Data excerpts:
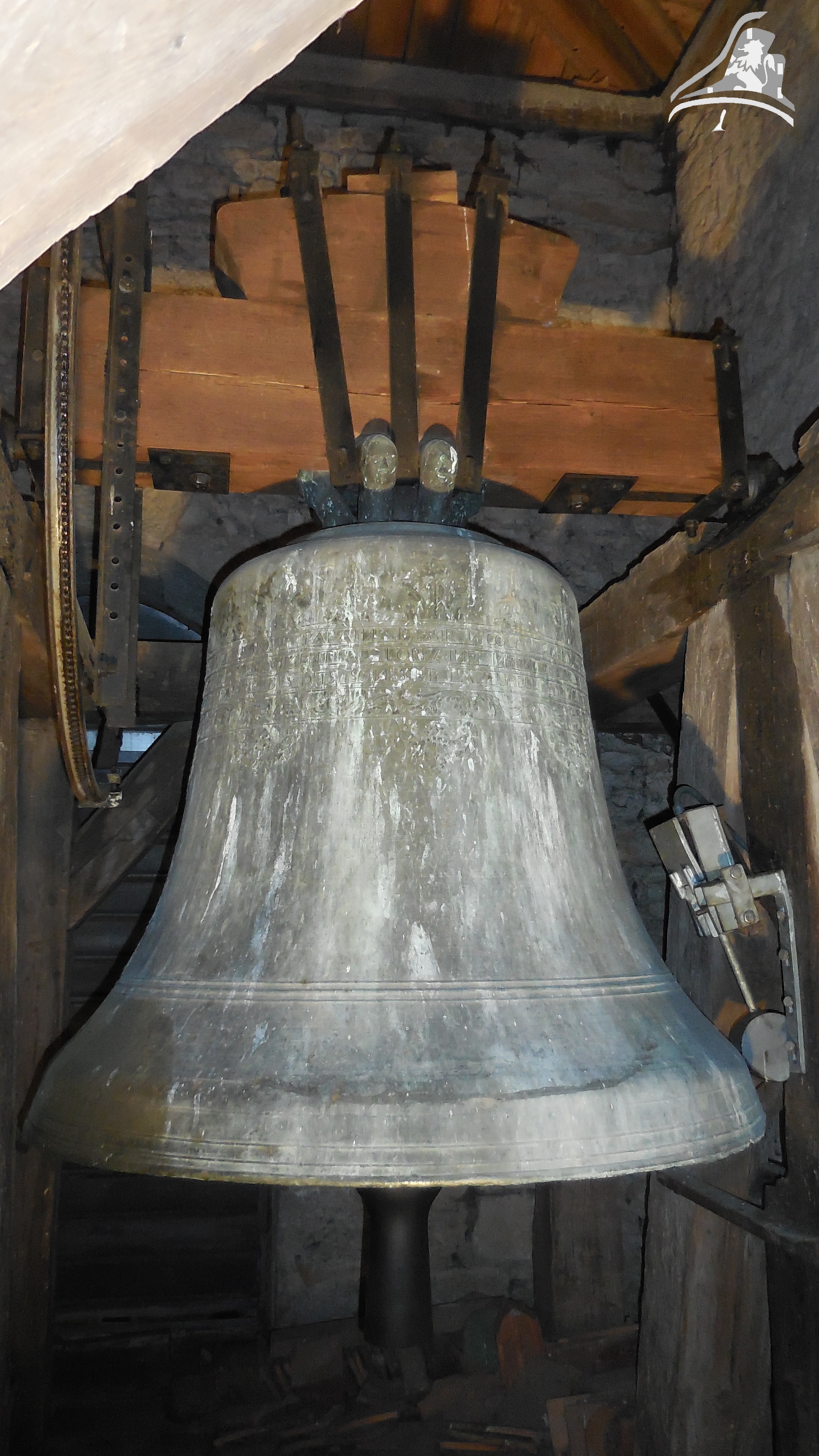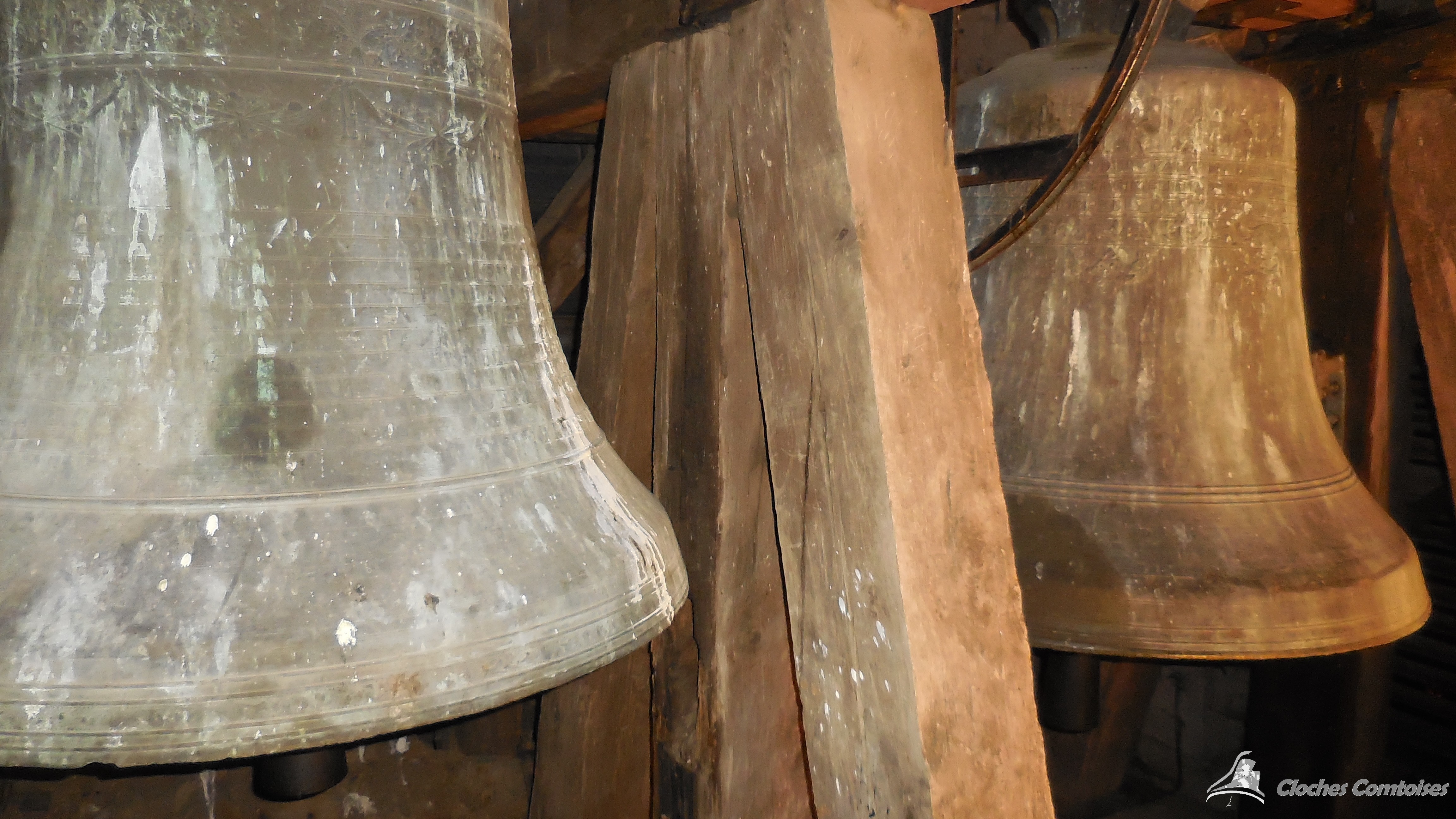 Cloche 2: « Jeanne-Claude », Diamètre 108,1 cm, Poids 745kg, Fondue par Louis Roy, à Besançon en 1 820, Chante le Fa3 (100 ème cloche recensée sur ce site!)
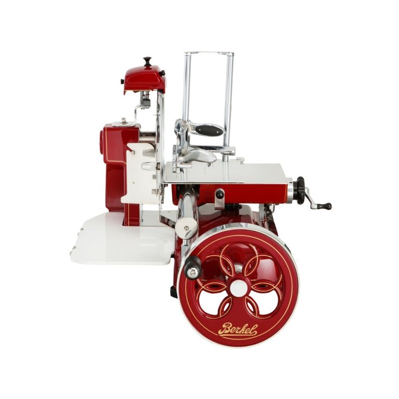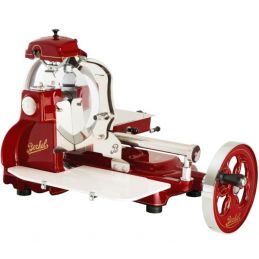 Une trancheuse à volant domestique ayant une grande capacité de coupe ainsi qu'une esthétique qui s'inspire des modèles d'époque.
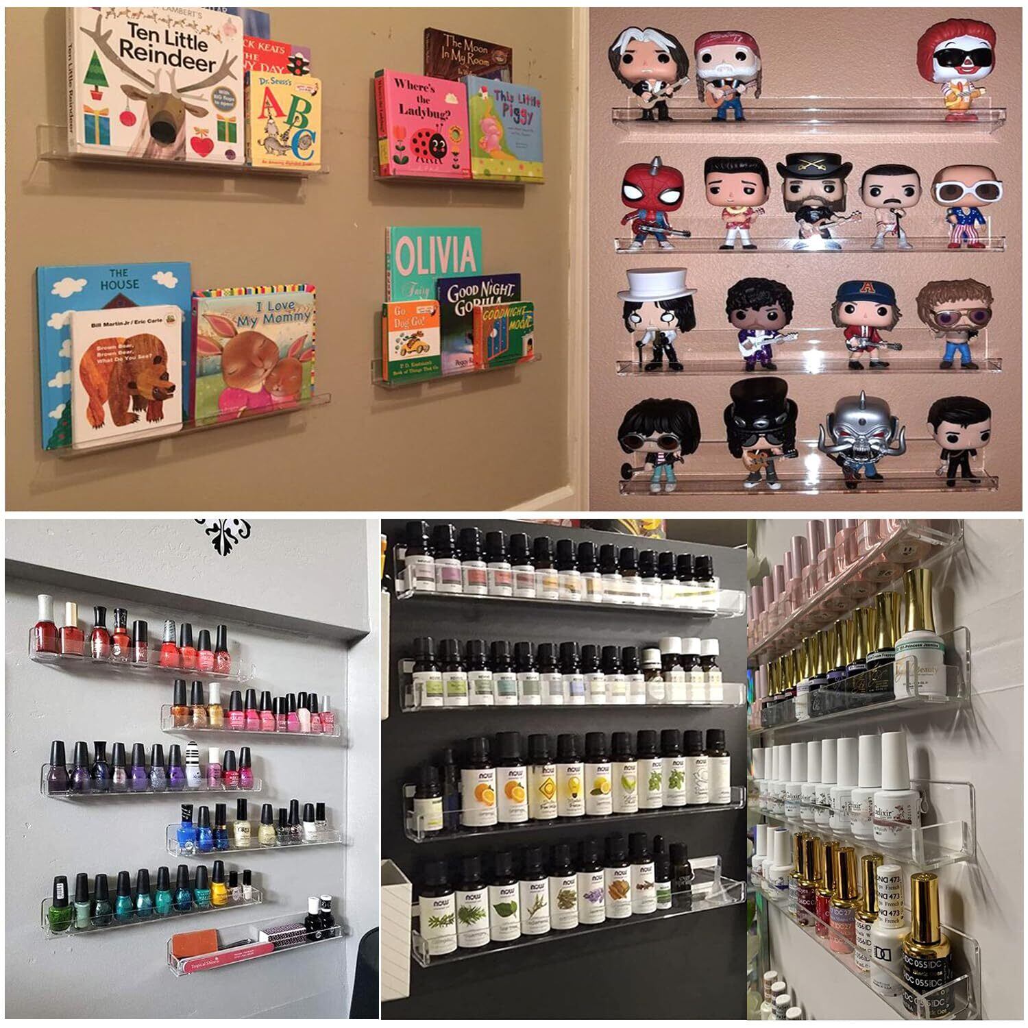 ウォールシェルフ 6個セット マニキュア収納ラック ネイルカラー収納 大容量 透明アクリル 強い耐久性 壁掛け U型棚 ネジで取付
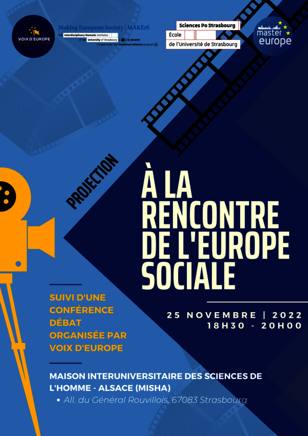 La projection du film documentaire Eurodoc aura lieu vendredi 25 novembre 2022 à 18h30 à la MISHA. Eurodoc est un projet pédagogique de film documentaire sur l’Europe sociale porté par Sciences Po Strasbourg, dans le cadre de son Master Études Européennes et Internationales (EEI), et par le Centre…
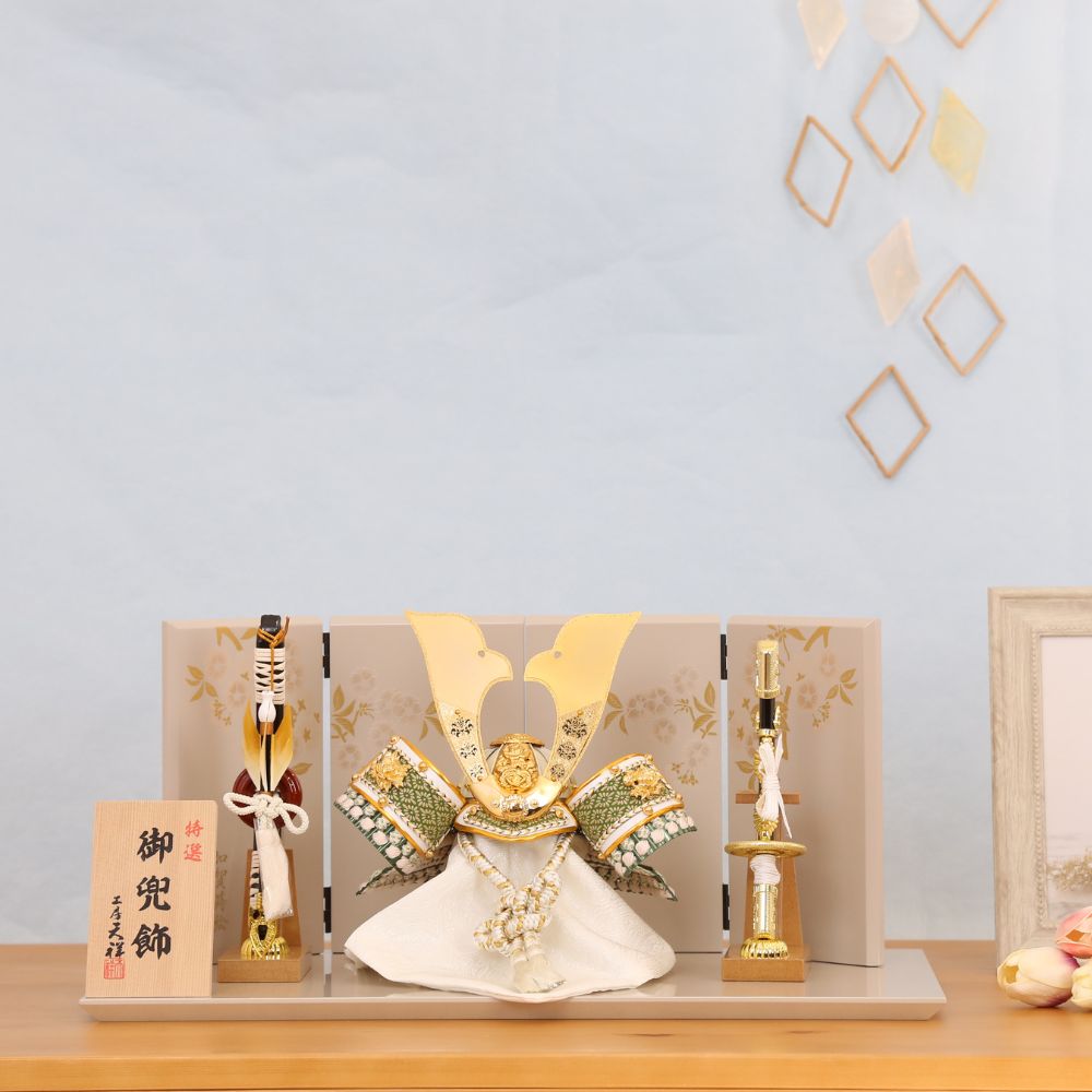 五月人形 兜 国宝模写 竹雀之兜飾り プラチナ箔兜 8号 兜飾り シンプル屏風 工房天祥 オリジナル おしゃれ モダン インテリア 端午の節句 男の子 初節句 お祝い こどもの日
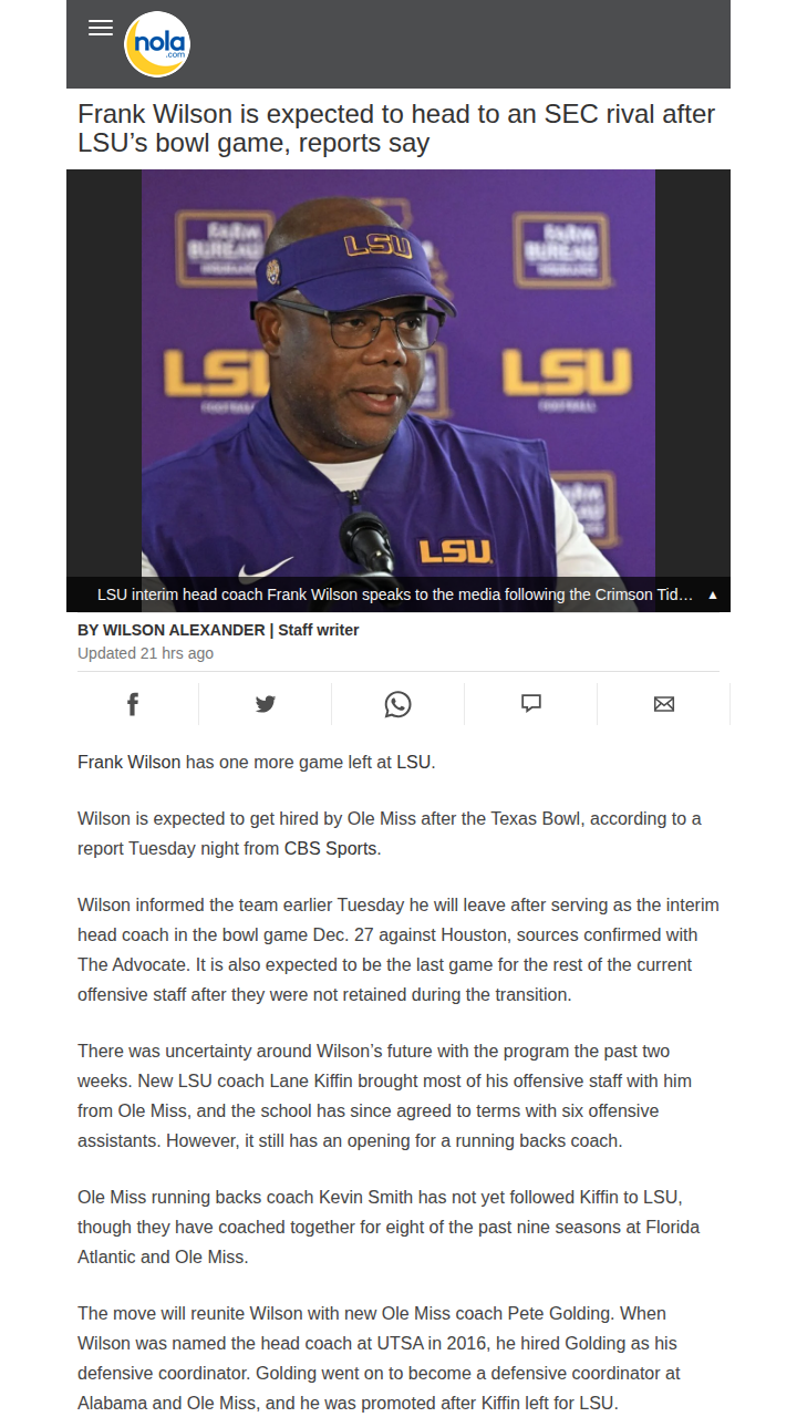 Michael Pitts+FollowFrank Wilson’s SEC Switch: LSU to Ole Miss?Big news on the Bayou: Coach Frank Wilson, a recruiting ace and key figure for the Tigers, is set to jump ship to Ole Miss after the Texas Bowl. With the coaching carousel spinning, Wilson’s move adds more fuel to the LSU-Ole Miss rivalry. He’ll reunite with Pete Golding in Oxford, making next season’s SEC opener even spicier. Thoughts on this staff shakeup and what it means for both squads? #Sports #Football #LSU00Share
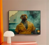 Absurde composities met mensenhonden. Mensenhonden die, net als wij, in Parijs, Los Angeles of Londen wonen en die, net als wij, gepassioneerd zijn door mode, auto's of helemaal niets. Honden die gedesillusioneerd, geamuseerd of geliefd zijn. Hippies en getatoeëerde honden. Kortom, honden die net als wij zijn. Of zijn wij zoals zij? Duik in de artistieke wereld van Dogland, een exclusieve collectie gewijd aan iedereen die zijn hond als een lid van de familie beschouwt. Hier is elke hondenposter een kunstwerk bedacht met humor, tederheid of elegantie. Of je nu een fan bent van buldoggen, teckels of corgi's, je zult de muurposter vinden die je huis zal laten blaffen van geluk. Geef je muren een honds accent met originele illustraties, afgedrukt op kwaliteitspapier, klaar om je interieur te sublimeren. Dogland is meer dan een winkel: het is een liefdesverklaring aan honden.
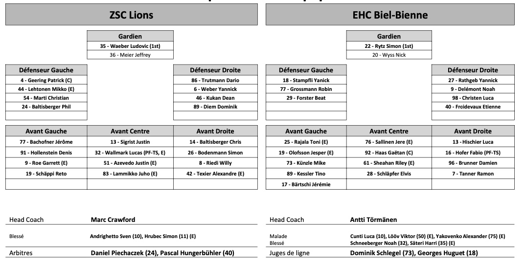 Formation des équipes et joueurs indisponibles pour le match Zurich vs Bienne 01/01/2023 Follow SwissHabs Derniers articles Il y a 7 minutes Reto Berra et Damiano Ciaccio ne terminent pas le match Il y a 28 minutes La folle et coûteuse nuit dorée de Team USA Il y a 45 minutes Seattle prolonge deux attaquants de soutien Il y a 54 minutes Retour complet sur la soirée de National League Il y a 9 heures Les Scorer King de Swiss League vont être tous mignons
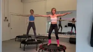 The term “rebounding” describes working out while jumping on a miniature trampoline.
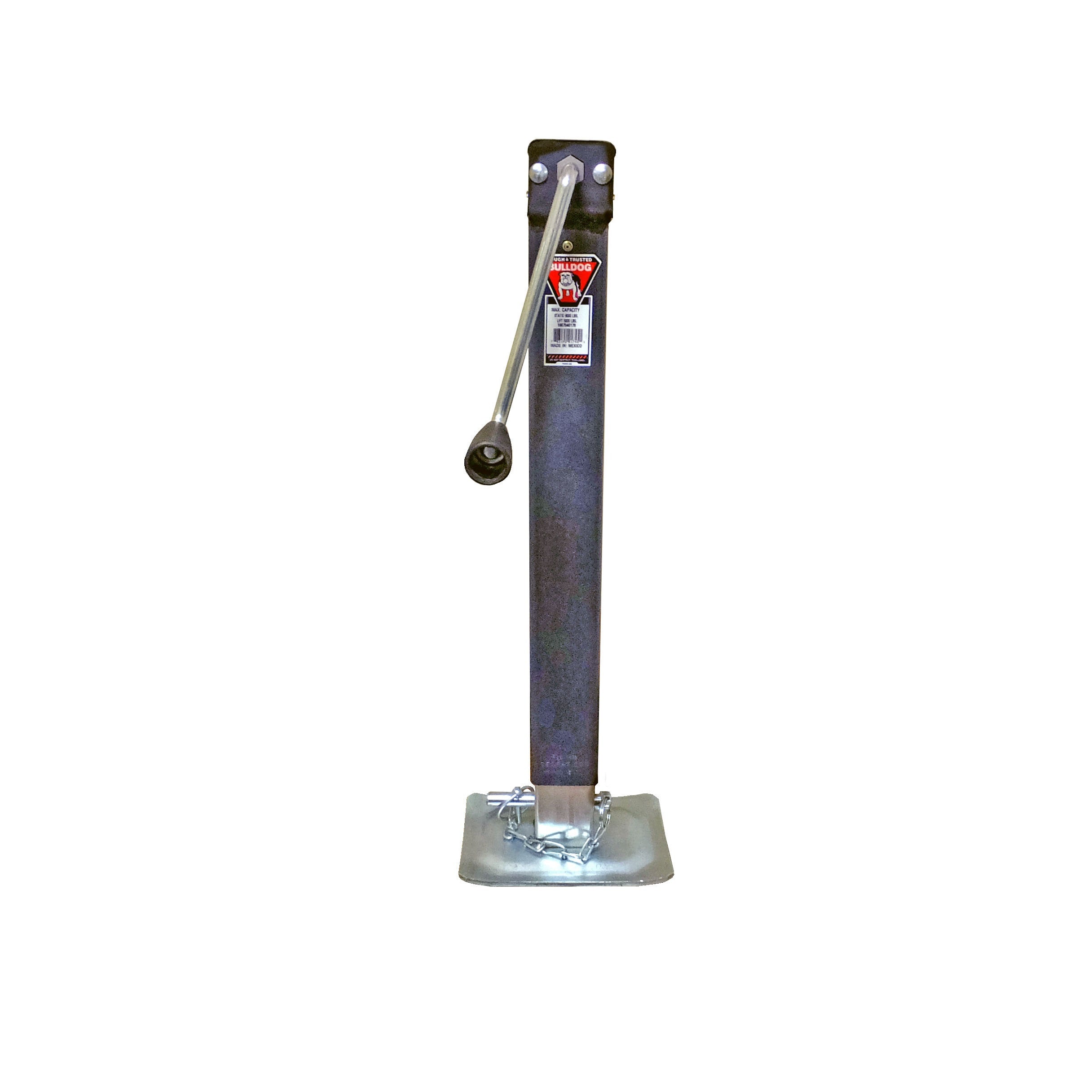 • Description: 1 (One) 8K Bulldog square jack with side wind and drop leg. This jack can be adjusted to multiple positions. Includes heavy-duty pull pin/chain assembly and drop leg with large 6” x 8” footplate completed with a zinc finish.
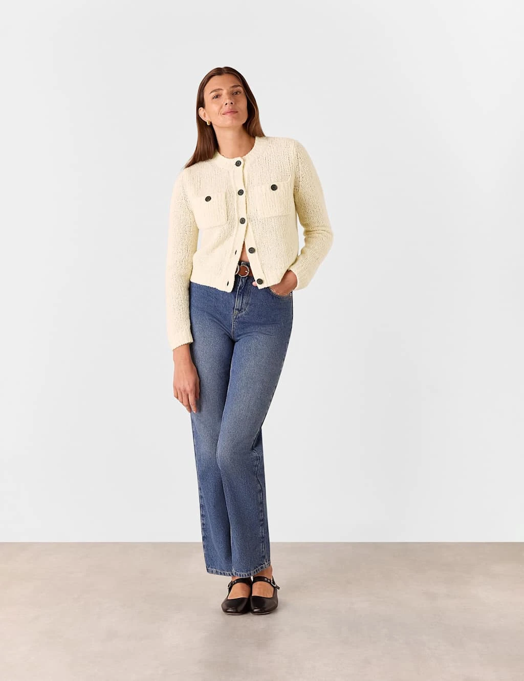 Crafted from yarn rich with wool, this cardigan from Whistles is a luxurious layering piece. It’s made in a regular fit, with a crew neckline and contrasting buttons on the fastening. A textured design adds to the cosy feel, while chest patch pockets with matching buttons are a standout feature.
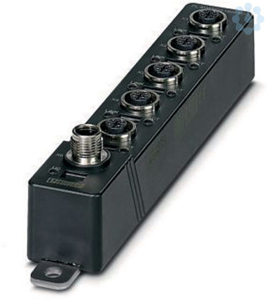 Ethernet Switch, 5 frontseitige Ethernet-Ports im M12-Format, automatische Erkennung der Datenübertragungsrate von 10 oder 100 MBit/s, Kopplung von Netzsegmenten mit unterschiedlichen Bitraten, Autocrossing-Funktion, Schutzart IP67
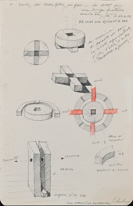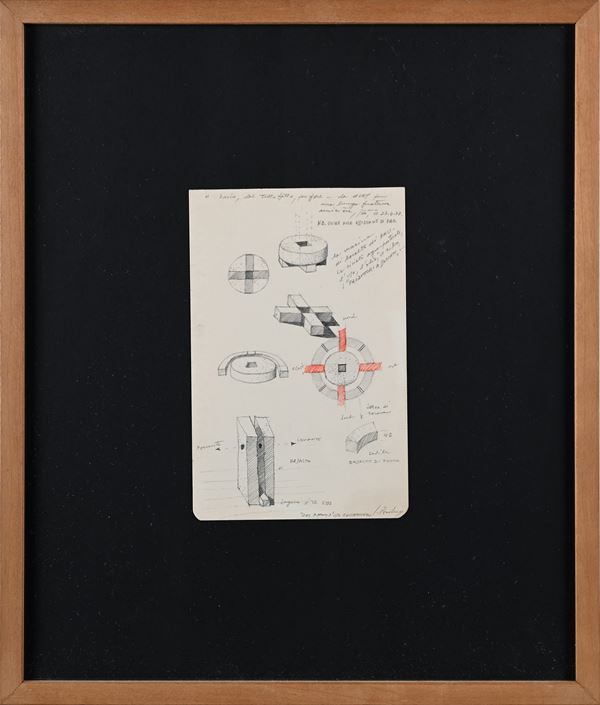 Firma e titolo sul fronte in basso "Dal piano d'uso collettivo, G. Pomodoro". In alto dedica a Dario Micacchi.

Aim of the exercise: Each line above that falls between the line with "Une trancheuse à" and the line with "Michael Pitts+FollowFrank Wilson’s" should be printed exactly, together with those two lines, but the pictures should not.

Finished task:
 Une trancheuse à volant domestique ayant une grande capacité de coupe ainsi qu'une esthétique qui s'inspire des modèles d'époque.
 ウォールシェルフ 6個セット マニキュア収納ラック ネイルカラー収納 大容量 透明アクリル 強い耐久性 壁掛け U型棚 ネジで取付
 La projection du film documentaire Eurodoc aura lieu vendredi 25 novembre 2022 à 18h30 à la MISHA. Eurodoc est un projet pédagogique de film documentaire sur l’Europe sociale porté par Sciences Po Strasbourg, dans le cadre de son Master Études Européennes et Internationales (EEI), et par le Centre…
 五月人形 兜 国宝模写 竹雀之兜飾り プラチナ箔兜 8号 兜飾り シンプル屏風 工房天祥 オリジナル おしゃれ モダン インテリア 端午の節句 男の子 初節句 お祝い こどもの日
 Michael Pitts+FollowFrank Wilson’s SEC Switch: LSU to Ole Miss?Big news on the Bayou: Coach Frank Wilson, a recruiting ace and key figure for the Tigers, is set to jump ship to Ole Miss after the Texas Bowl. With the coaching carousel spinning, Wilson’s move adds more fuel to the LSU-Ole Miss rivalry. He’ll reunite with Pete Golding in Oxford, making next season’s SEC opener even spicier. Thoughts on this staff shakeup and what it means for both squads? #Sports #Football #LSU00Share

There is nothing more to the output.